Exercise directions >>
Without copying any pictures, restate exactly the lines from the start of the records through the line containing "Seite 15 des".

Exercise data >>
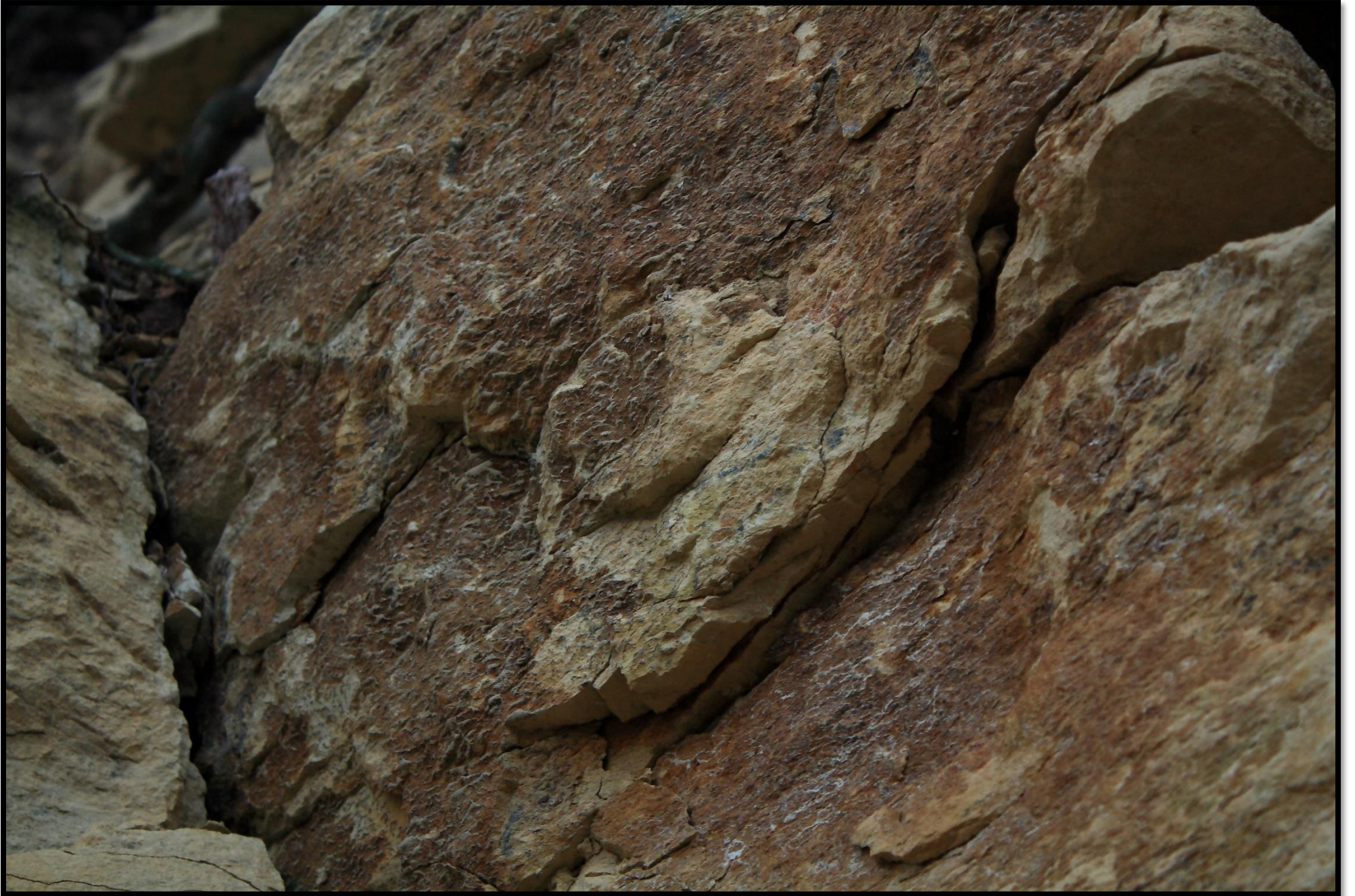
Fosilie amonita – detail
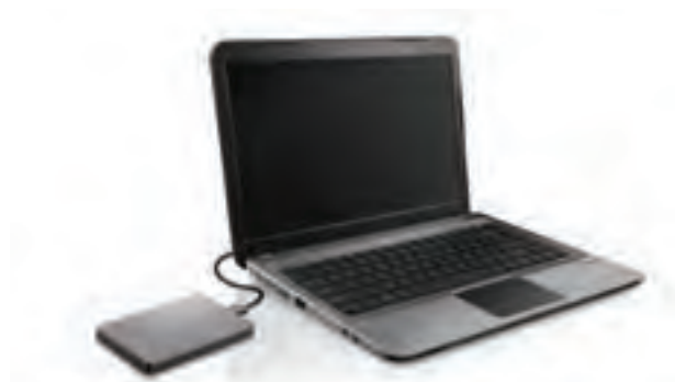
تصویر ۹۳ ▲

عکاسان می‌توانند با همراه داشتن ۲ یا ۳ کارت حافظه با گنجایش بالا و سرعت خوب، از نگرانی در هنگام عکاسی کم کرده و با خیال راحت در مراسم‌ها به تعداد بالایی اقدام به تهیه عکس‌ها کنند.
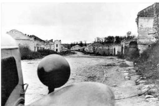
г. Дорогобуж ул. Московская. 1943 г.

Как бы сильно он ни любил Россию, это не сравнится с его любовью к
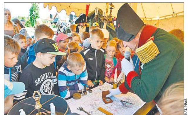
♦ Biblioteka w Świątkach organizuje wiele ciekawych projektów

– Jednym z ostatnich działań tego koła była realizacja projektu „Na Szlaku Napoleońskim – 210. rocznica pobytu
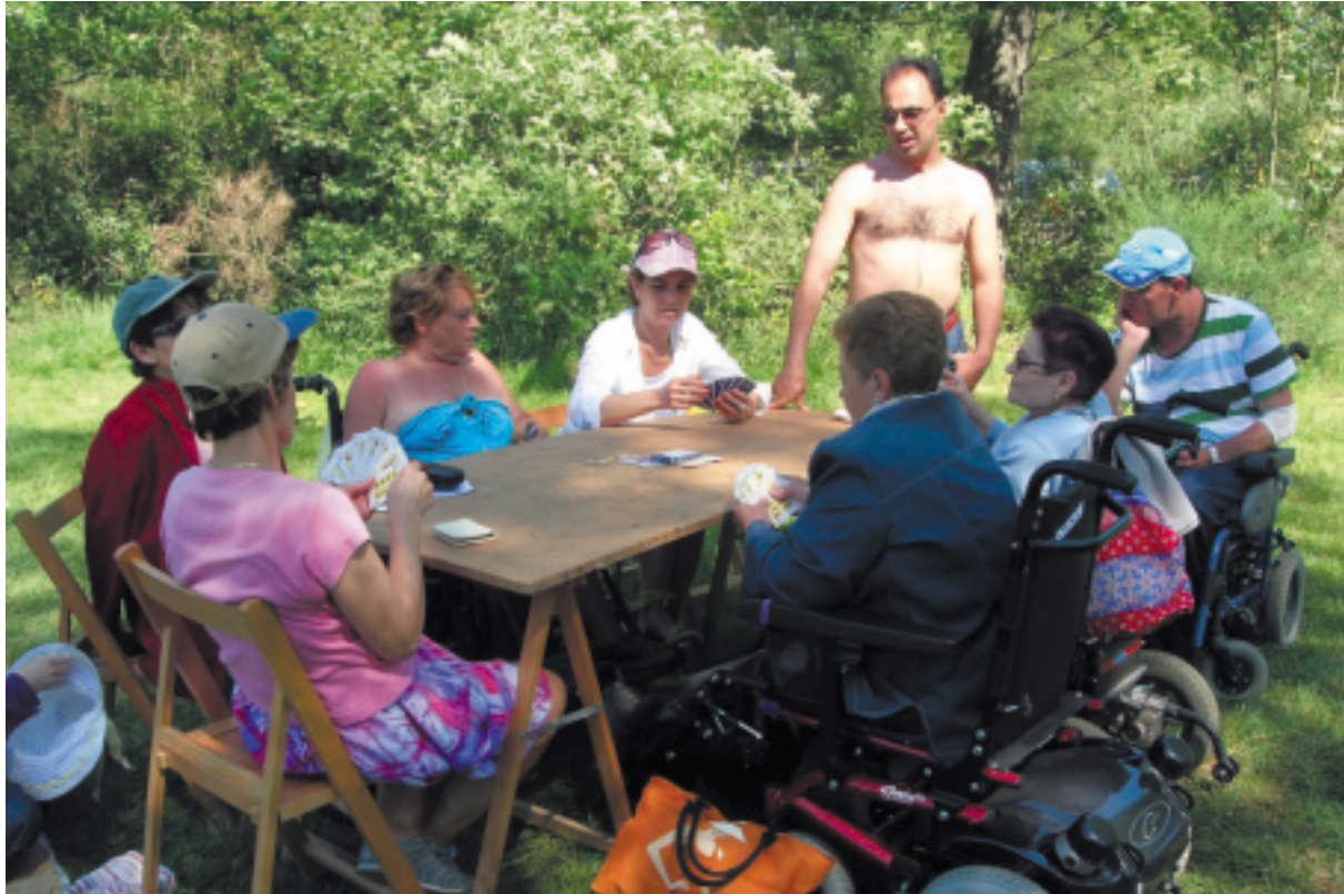
Accesos y adecuación a minusválidos en el robledal.

posible impacto ambiental de esta actividad en ocasiones masiva. Las actividades de uso público más comunes son: pasar el día, comidas campestres, pasear, actividades informales al aire libre, contemplativas, deporte compatible, juegos, conciertos, etc.
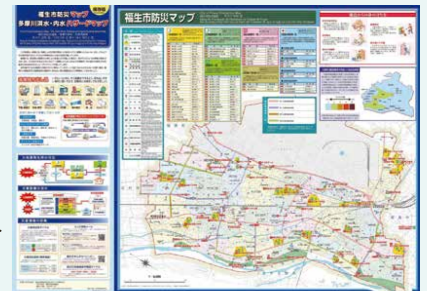
▲福生市防災マップ
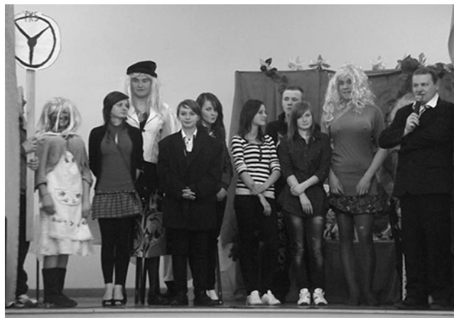
Młodzież wraz z Księdzem wikarym podczas występu artystycznego
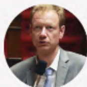
MARDI 28/04 PIERRE DHARREVILLE Député PCF
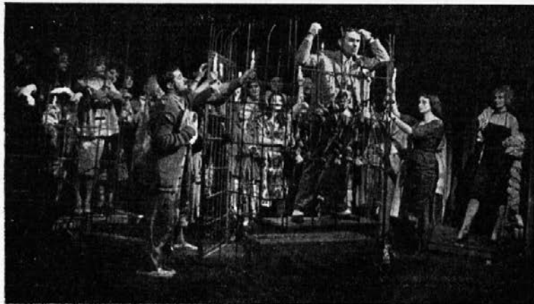
Brecht - Weill: »Opera za tri groše«. Prizor v ječi.

Ta jubilejna revija ni tekmovanje. Toda tudi že sama udeležba na njej predstavlja vsakemu udeležencu veliko moralno priznanje. Dobro je, da je bila tudi Torkarju, prav tako kot titograjskemu ansamblu dana možnost, da ob tej priložnosti dobita tako priznanje.
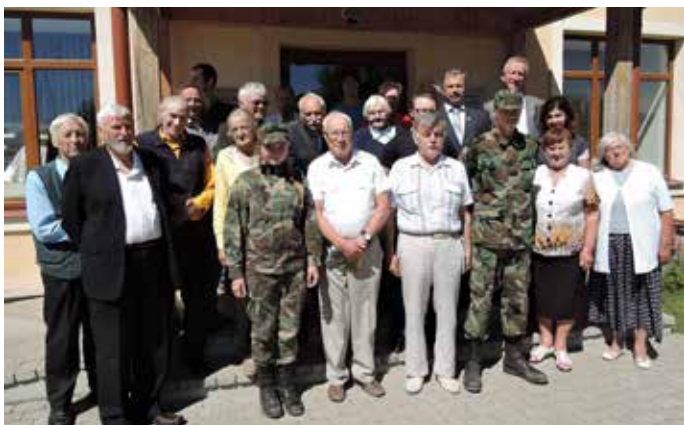
6. Piebalgas foruma „Piebaldzēni – par Latvijas neatkarību” dalībnieki.

Jūlija mēneša pēdējā sestdienā Jaunpiebalgas kultūras namā tika aicināti Atmodas laika aktivisti, lai piedalītos Piebalgas forumā „Piebaldzēni- par Latvijas neatkarību” un dalītos atmiņās par notikumiem pirms 25 gadiem, kad tika atjaunota Latvijas neatkarība.
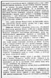
Seite 15 des tschechischen Originals. Anlicken, um zu vergrößern!

Es ist klar, daß dem Störenfried sehr beträchtliche Einbußen an Gebiet und Seelenzahl nicht erspart bleiben dürfen, daß es unerlässlich ist, Preußen und das ehemalige Österreich-Ungarn vollständig zu sprengen und an ihre Stelle einen Kordon verhältnismäßig starker, widerstandsfähiger "Rührmichnichtans" als Wachposten zu ziehen, ihre Grenzen aber unter dem Gesichtspunkte militärischer Zweckmäßigkeit zu regeln - gegenüber den Deutschen und auch den Blöcken des Verbandes - und dem restlichen Deutschland genau die Siedlungsgrenzen anzuweisen und innerhalb derselben eine freie nationale Entwicklung.
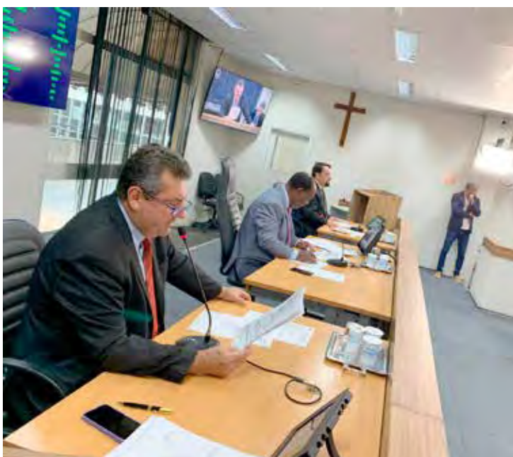
Parlamentares que compõem a Mesa Diretora da Câmara
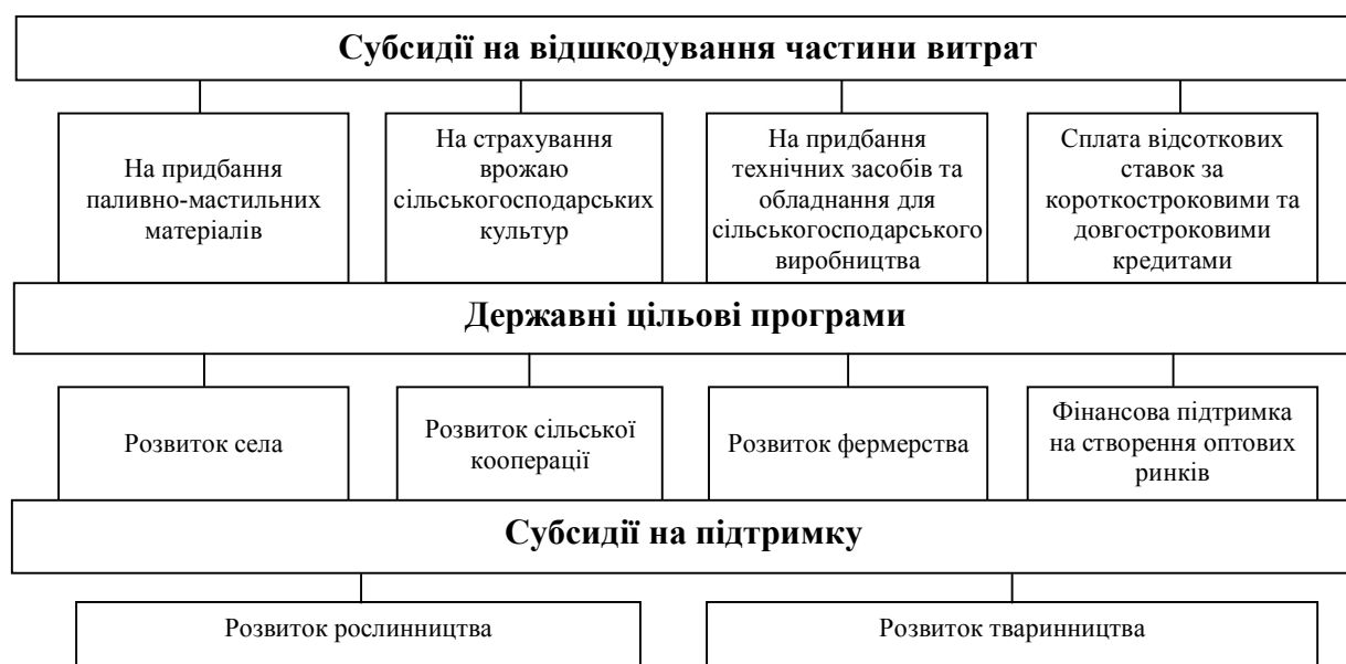
Рис. 2. Види державної підтримки в Україні [4]

Головними інструментами державної підтримки сільськогосподарських підприємств є дотації, субсидії, субвенції. Основні види державної підтримки в Україні наведено на рис. 2.

The answer >>
Fosilie amonita – detail
تصویر ۹۳ ▲

عکاسان می‌توانند با همراه داشتن ۲ یا ۳ کارت حافظه با گنجایش بالا و سرعت خوب، از نگرانی در هنگام عکاسی کم کرده و با خیال راحت در مراسم‌ها به تعداد بالایی اقدام به تهیه عکس‌ها کنند.
г. Дорогобуж ул. Московская. 1943 г.

Как бы сильно он ни любил Россию, это не сравнится с его любовью к
♦ Biblioteka w Świątkach organizuje wiele ciekawych projektów

– Jednym z ostatnich działań tego koła była realizacja projektu „Na Szlaku Napoleońskim – 210. rocznica pobytu
Accesos y adecuación a minusválidos en el robledal.

posible impacto ambiental de esta actividad en ocasiones masiva. Las actividades de uso público más comunes son: pasar el día, comidas campestres, pasear, actividades informales al aire libre, contemplativas, deporte compatible, juegos, conciertos, etc.
▲福生市防災マップ
Młodzież wraz z Księdzem wikarym podczas występu artystycznego
MARDI 28/04 PIERRE DHARREVILLE Député PCF
Brecht - Weill: »Opera za tri groše«. Prizor v ječi.

Ta jubilejna revija ni tekmovanje. Toda tudi že sama udeležba na njej predstavlja vsakemu udeležencu veliko moralno priznanje. Dobro je, da je bila tudi Torkarju, prav tako kot titograjskemu ansamblu dana možnost, da ob tej priložnosti dobita tako priznanje.
6. Piebalgas foruma „Piebaldzēni – par Latvijas neatkarību” dalībnieki.

Jūlija mēneša pēdējā sestdienā Jaunpiebalgas kultūras namā tika aicināti Atmodas laika aktivisti, lai piedalītos Piebalgas forumā „Piebaldzēni- par Latvijas neatkarību” un dalītos atmiņās par notikumiem pirms 25 gadiem, kad tika atjaunota Latvijas neatkarība.
Seite 15 des tschechischen Originals. Anlicken, um zu vergrößern!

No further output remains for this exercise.